Exercise materials =>

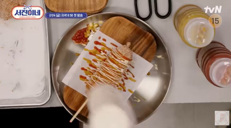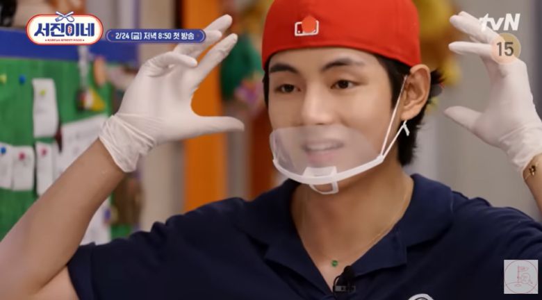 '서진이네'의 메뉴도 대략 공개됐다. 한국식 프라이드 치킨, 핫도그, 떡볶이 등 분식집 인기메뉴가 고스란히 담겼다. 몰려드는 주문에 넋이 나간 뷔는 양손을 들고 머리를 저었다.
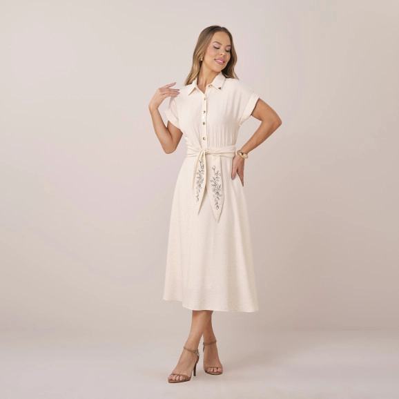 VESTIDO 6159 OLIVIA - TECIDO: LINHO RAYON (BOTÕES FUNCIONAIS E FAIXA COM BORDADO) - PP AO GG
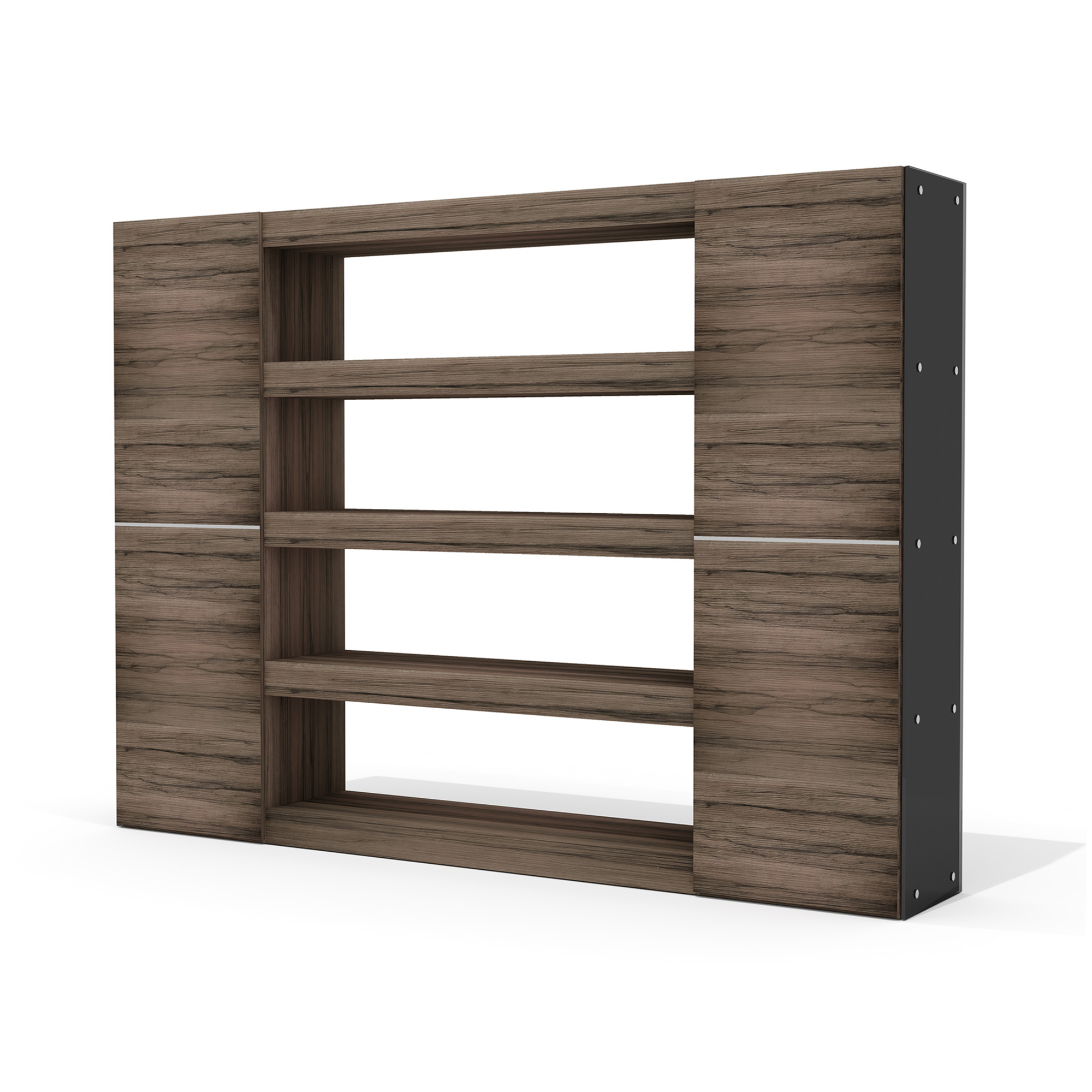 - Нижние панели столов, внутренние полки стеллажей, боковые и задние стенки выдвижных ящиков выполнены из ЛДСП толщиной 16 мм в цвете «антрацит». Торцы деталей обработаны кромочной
==
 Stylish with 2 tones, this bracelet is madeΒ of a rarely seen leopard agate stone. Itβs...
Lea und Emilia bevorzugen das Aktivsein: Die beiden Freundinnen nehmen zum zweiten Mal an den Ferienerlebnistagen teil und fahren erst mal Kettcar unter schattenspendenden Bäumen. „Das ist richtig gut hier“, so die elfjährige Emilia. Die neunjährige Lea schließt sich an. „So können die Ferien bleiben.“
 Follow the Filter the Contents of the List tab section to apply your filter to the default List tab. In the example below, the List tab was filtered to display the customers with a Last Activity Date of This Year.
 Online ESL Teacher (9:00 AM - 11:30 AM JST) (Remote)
* * *
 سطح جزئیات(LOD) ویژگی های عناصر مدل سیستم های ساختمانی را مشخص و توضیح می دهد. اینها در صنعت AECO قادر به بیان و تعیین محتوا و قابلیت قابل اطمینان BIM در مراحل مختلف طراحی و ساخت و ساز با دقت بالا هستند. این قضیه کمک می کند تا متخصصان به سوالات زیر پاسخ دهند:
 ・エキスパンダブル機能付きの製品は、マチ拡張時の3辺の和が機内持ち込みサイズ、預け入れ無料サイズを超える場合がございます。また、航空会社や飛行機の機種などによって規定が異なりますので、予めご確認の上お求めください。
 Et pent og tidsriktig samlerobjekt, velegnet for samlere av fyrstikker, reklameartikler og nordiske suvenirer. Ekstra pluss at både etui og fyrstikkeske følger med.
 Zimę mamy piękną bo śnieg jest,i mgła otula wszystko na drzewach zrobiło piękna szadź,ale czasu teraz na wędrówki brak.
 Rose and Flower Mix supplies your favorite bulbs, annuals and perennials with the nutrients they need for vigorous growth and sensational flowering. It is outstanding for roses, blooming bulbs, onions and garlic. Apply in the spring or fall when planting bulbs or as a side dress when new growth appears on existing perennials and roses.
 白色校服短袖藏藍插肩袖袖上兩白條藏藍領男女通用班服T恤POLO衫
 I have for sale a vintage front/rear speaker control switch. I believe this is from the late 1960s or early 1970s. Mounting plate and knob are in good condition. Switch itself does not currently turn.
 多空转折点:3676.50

Task brief => In the listing above, find the line containing "白色校服短袖藏藍插肩袖袖上兩白條藏藍領男女通用班服T恤POLO衫" and the line containing "多空转折点:3676.50", then repeat those two lines and everything between them exactly.

Solution for this problem =>
 白色校服短袖藏藍插肩袖袖上兩白條藏藍領男女通用班服T恤POLO衫
 I have for sale a vintage front/rear speaker control switch. I believe this is from the late 1960s or early 1970s. Mounting plate and knob are in good condition. Switch itself does not currently turn.
 多空转折点:3676.50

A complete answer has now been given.